Exploratory Data Analysis and Groupby using Pandas

Learning Goals

Understand the relationship between path and file location
Distinguish between relative and absolute paths
Apply the .groupby() method to aggregate data.

# we import the pandas library 
import pandas as pd

We continue to work with the Palmer Penguin dataset from last week, which was shared in the folder for week 4: W4_Pandas_And_Environmental_Data.

Using paths to specify file locations

This is a good time to think a bit more about data and code organization on your computer. For the program to be able to read the dataset, it needs to know where to find it. Computers do this through what is called absolute and relative paths.

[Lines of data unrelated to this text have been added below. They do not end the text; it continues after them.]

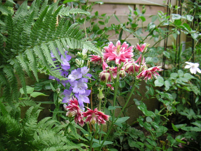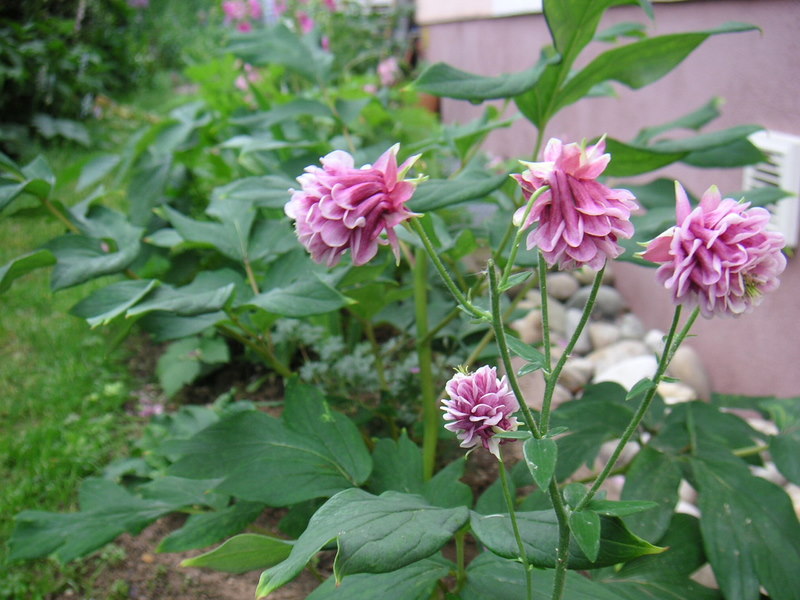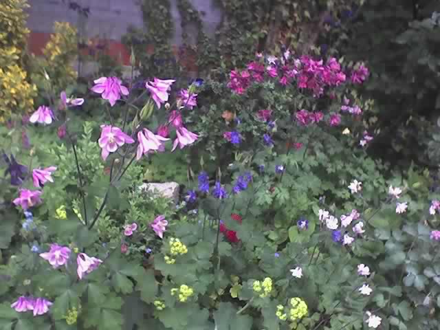 Da ich ja stets mein Handy mit mir herumtrage und oft mit dem Hund in der Siedlung spazierengehe, habe ich hier auch ein Bild aus einem Garten mit Akeleien eingefangen und möchte Euch das nicht vorenthalten.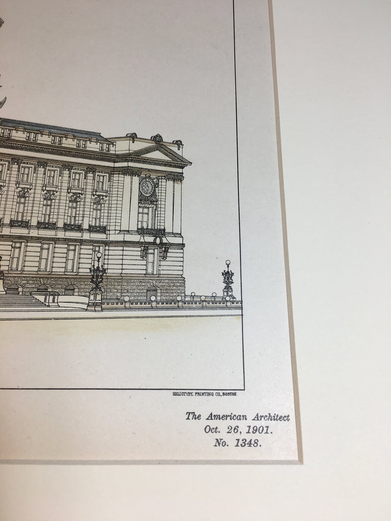 A Beautifully Detailed, Original Plan of a Competitive Design for the City Hall of Newark, New Jersey. HAND COLORED C L Roos, Architect(s). From the American Architect and Building News, October 26, 1901.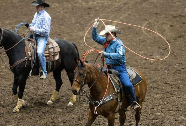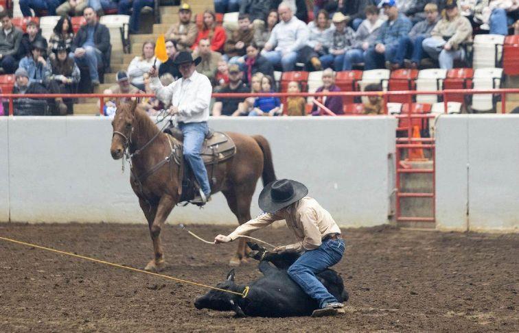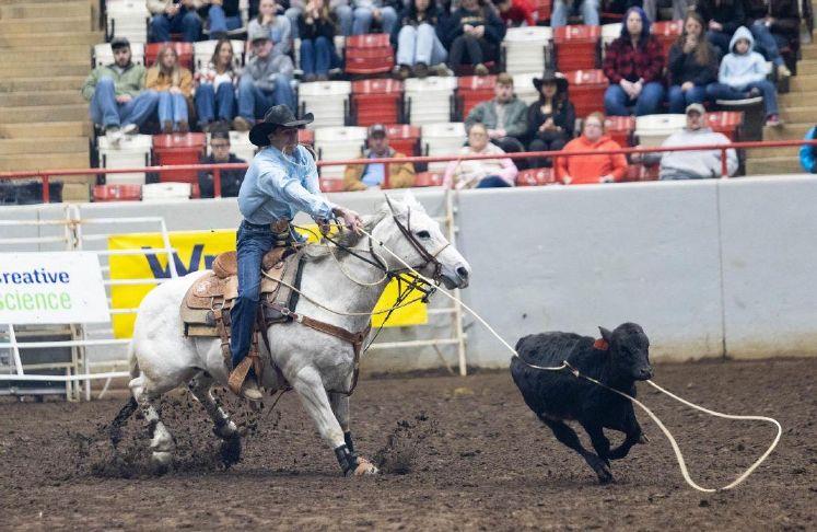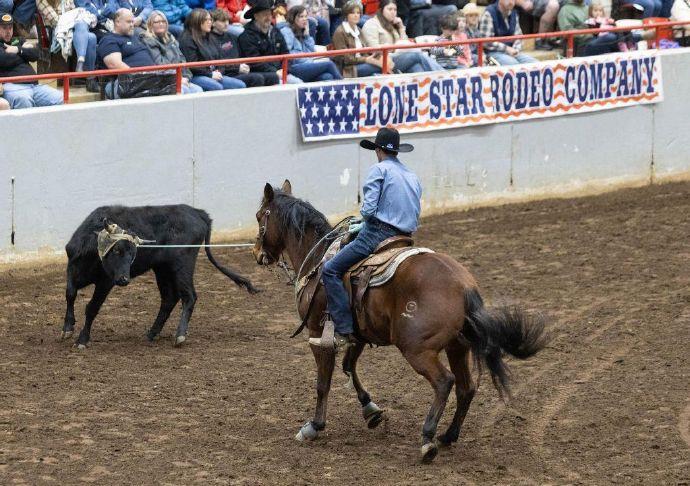 Cy Webb of Byrdstown, Tenn., competes in the calf roping event at the 44th annual Lone Star Championship Rodeo at the L.D. Brown Agricultural Exposition Center on Friday night, Feb. 13, 2026. The rodeo continues throughout the weekend with shows on Saturday at 2 and 8 p.m. and on Sunday at 2 p.m. (GRACE McDOWELL / The Daily News)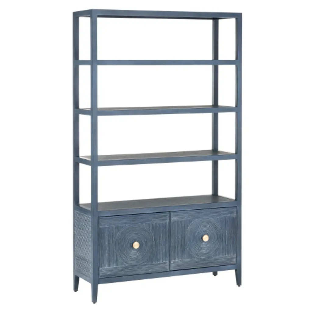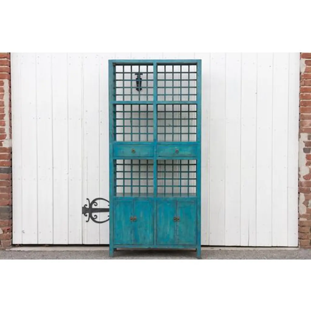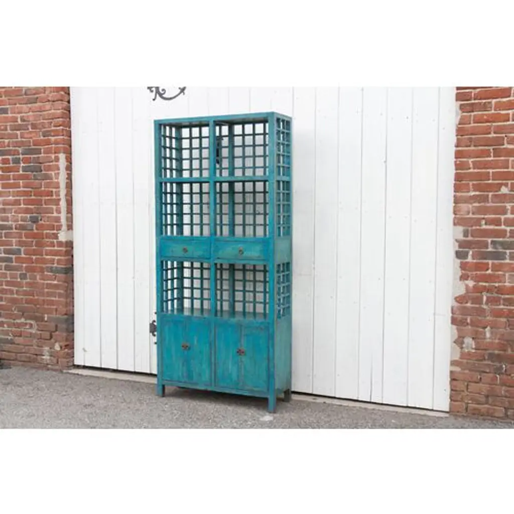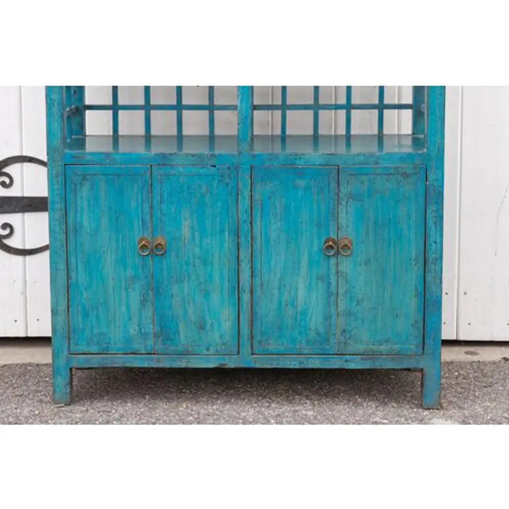 A colorful Chinese bookshelf cabinet with a beautiful lacquered painted blue finish. The tall bookcase has two drawers in the center with four doors a the bottom and three shelves. This colorful modern bookcase has a traditional lattice openwork design on the sides and back.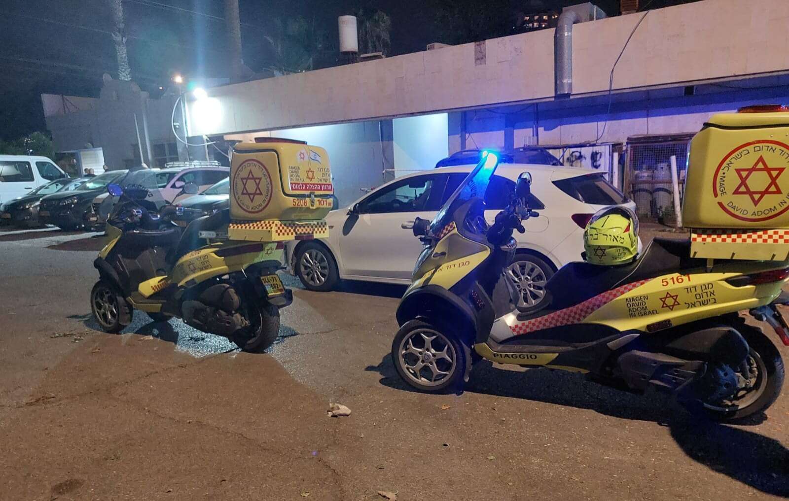 החובשים מיחידת האופנועים של מד"א מאור ברוך ויניב רפאל סיפרו: "הפצוע שכב מאחורי מבנה כשהוא בהכרה מעורפלת וסובל מפציעה חודרת בגופו. הענקנו לו טיפול רפואי ראשוני מציל חיים שכלל עצירת דימומים וחבישות ופינינו אותו בניידת טיפול נמרץ של מד"א לבי"ח כשמצבו קשה ולא יציב".

The absolute path is the location of the file within your computer’s file system. In my case, a Windows PC, the file location of the dataset is: D:\GitHub\ISAT_420_S26_Shared\W4_Pandas_And_Environmental_Data\Data\palmer_penguin_data.csv. Using absolute paths to find files can be problematic, because the absolute location of the file will be different on everybody’s machines.
A relative path is a way for specifying file location in relationship to each other. Our shared repository is organized using hierarchical folders. As a convention python code is executed in the directory that it is located. If we follow the directory outline below, we can find the relative path of the palmer_penguin_data.csv in relation to this jupyter notebook w5_pandas_groupby.ipynb. To find the file, we would need to go back to the ISAT_420_S26_Shared directory and then travel down into the Data directory inside W4_Pandas_And_Environmental_Data.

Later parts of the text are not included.